*** Opening Record extracts ***

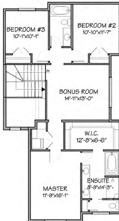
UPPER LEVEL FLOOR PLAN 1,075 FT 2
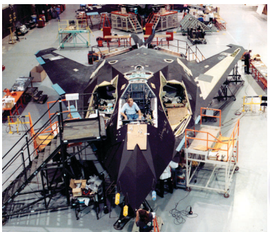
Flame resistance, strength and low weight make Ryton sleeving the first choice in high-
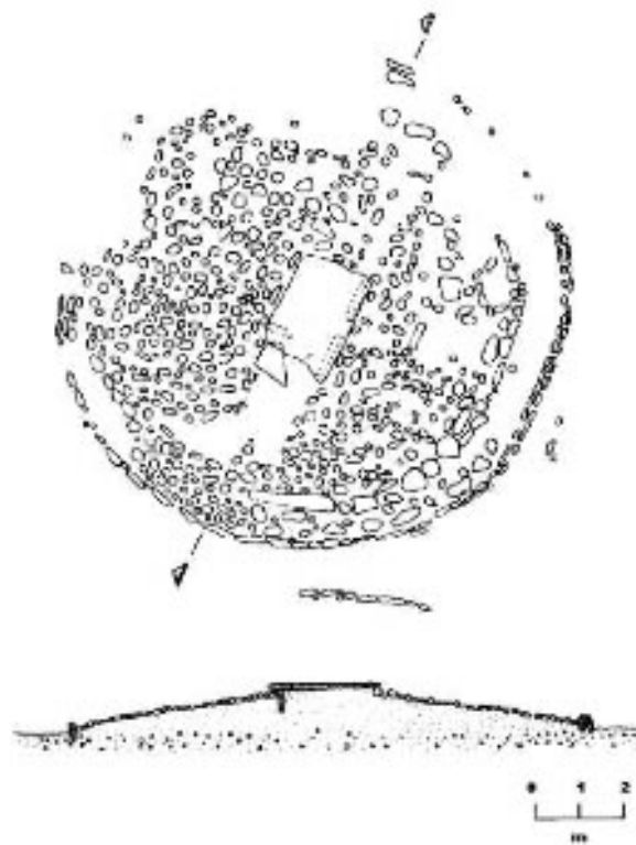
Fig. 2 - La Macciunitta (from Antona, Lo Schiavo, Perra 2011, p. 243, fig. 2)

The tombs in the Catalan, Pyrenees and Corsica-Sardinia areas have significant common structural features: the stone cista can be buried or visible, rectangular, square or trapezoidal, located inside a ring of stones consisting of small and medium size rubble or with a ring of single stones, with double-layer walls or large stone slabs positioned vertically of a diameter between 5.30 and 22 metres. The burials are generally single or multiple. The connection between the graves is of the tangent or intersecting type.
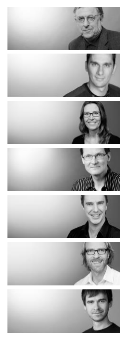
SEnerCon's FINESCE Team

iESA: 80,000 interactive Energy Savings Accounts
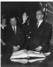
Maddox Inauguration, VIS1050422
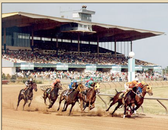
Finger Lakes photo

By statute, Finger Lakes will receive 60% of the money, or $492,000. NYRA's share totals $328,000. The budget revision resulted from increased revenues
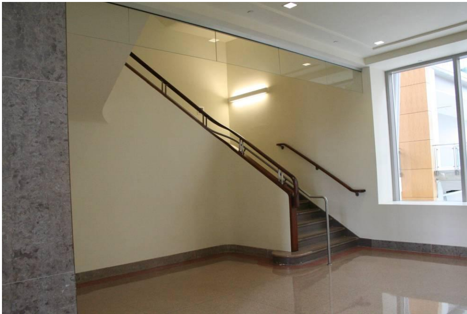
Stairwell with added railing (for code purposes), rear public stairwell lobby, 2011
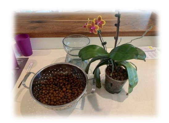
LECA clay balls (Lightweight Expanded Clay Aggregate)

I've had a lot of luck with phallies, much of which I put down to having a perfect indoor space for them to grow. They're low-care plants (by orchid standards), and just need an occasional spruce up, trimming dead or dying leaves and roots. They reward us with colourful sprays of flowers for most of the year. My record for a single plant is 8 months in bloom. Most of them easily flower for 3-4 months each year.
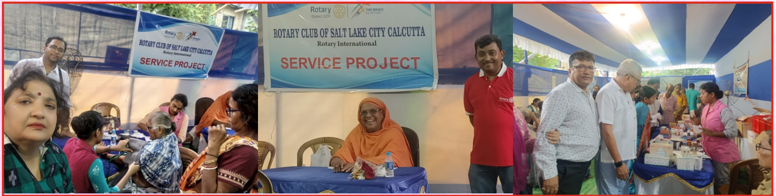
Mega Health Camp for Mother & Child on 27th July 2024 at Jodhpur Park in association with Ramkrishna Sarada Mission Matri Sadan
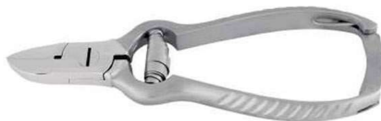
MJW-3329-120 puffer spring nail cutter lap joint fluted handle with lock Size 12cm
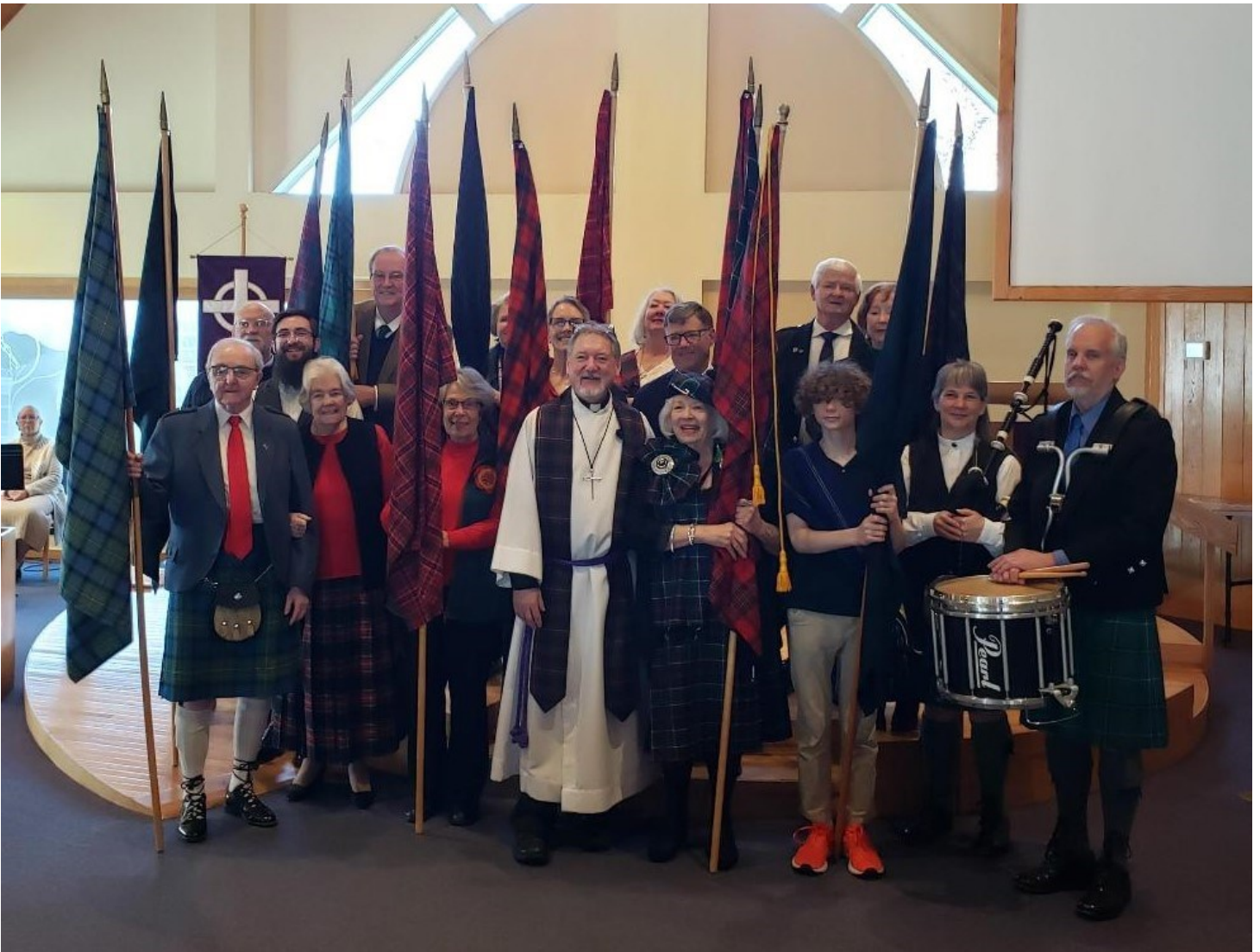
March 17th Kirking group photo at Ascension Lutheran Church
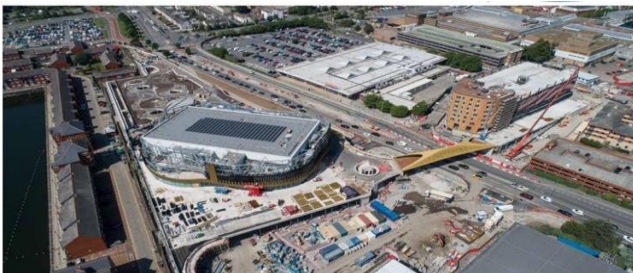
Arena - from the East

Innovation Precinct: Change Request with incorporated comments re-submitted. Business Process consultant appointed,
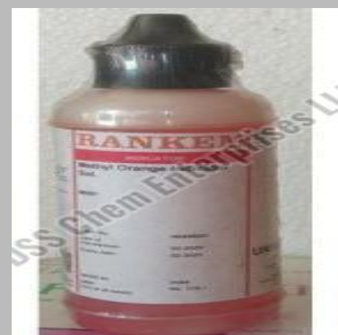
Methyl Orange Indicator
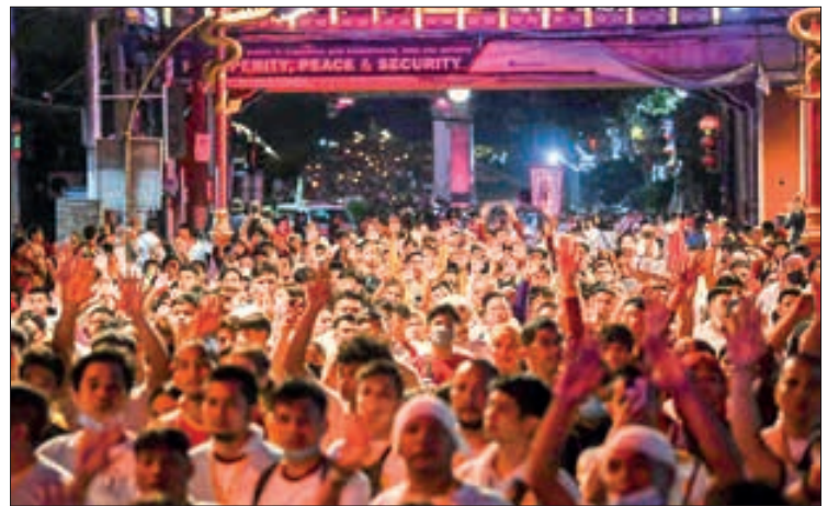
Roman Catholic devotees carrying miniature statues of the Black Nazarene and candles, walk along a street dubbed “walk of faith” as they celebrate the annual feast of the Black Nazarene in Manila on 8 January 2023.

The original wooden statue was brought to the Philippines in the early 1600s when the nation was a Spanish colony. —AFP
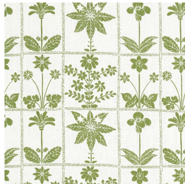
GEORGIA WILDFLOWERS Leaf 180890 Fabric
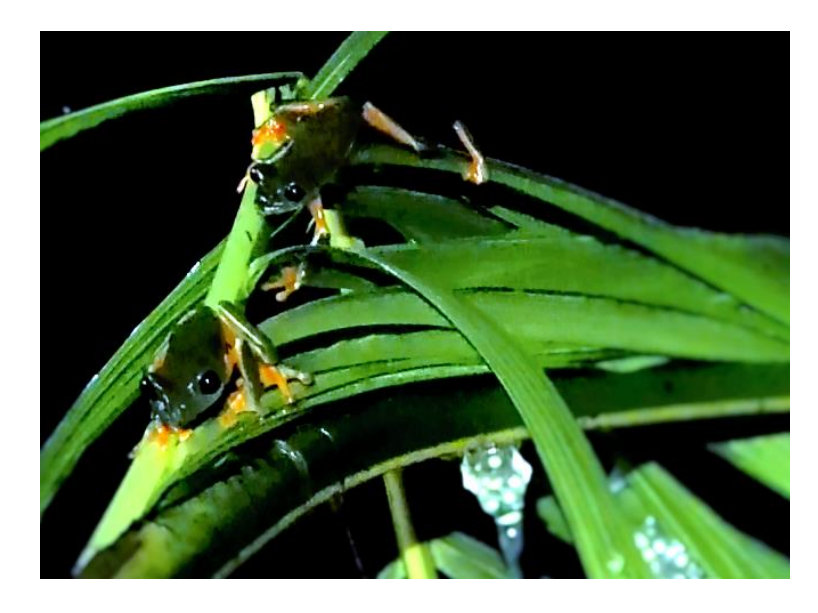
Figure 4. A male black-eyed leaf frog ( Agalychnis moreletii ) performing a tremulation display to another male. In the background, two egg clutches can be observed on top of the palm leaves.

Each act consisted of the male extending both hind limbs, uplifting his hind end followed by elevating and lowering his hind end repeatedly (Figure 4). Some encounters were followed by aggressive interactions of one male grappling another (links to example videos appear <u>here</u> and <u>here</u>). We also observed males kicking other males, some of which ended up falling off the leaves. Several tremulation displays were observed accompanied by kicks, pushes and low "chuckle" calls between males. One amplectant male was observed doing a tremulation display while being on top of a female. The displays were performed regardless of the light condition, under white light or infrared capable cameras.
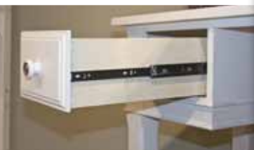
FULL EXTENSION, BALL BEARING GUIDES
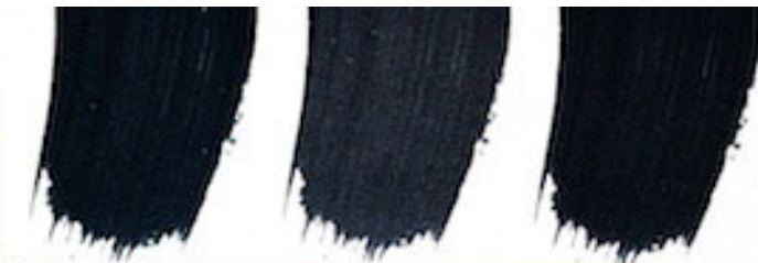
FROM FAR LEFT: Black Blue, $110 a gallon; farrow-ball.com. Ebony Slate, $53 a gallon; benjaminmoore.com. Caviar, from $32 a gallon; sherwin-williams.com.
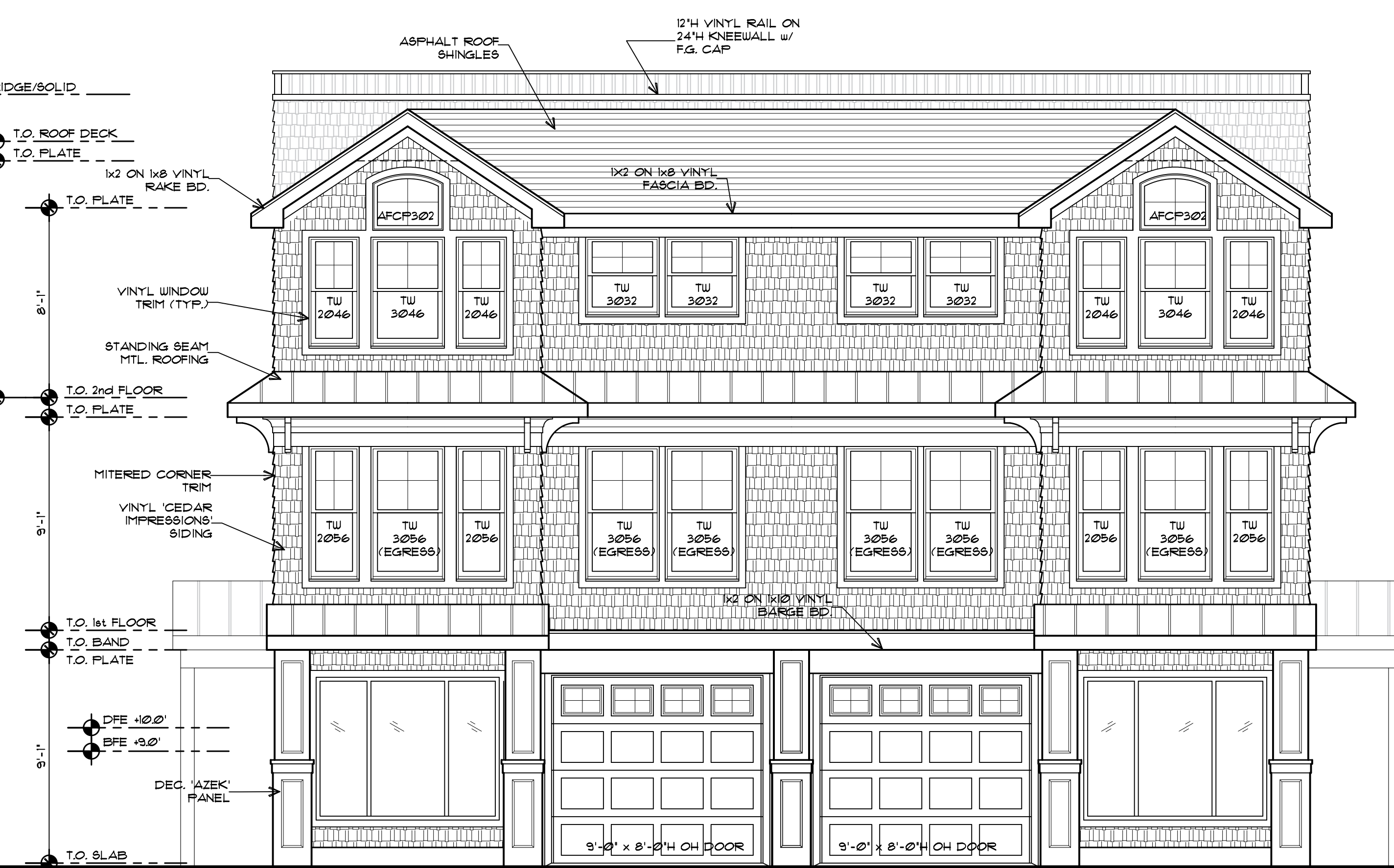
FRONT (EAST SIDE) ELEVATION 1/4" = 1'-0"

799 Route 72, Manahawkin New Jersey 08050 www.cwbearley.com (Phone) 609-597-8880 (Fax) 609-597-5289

*** Closing Record extracts ***

Exercise requirements - Keep to the lines above from the line with "By statute, Finger" to the line with "Methyl Orange Indicator", and set down exactly those, inclusive, with nothing else and every picture left out.

Answer to this exercise -
By statute, Finger Lakes will receive 60% of the money, or $492,000. NYRA's share totals $328,000. The budget revision resulted from increased revenues
Stairwell with added railing (for code purposes), rear public stairwell lobby, 2011
LECA clay balls (Lightweight Expanded Clay Aggregate)

I've had a lot of luck with phallies, much of which I put down to having a perfect indoor space for them to grow. They're low-care plants (by orchid standards), and just need an occasional spruce up, trimming dead or dying leaves and roots. They reward us with colourful sprays of flowers for most of the year. My record for a single plant is 8 months in bloom. Most of them easily flower for 3-4 months each year.
Mega Health Camp for Mother & Child on 27th July 2024 at Jodhpur Park in association with Ramkrishna Sarada Mission Matri Sadan
MJW-3329-120 puffer spring nail cutter lap joint fluted handle with lock Size 12cm
March 17th Kirking group photo at Ascension Lutheran Church
Arena - from the East

Innovation Precinct: Change Request with incorporated comments re-submitted. Business Process consultant appointed,
Methyl Orange Indicator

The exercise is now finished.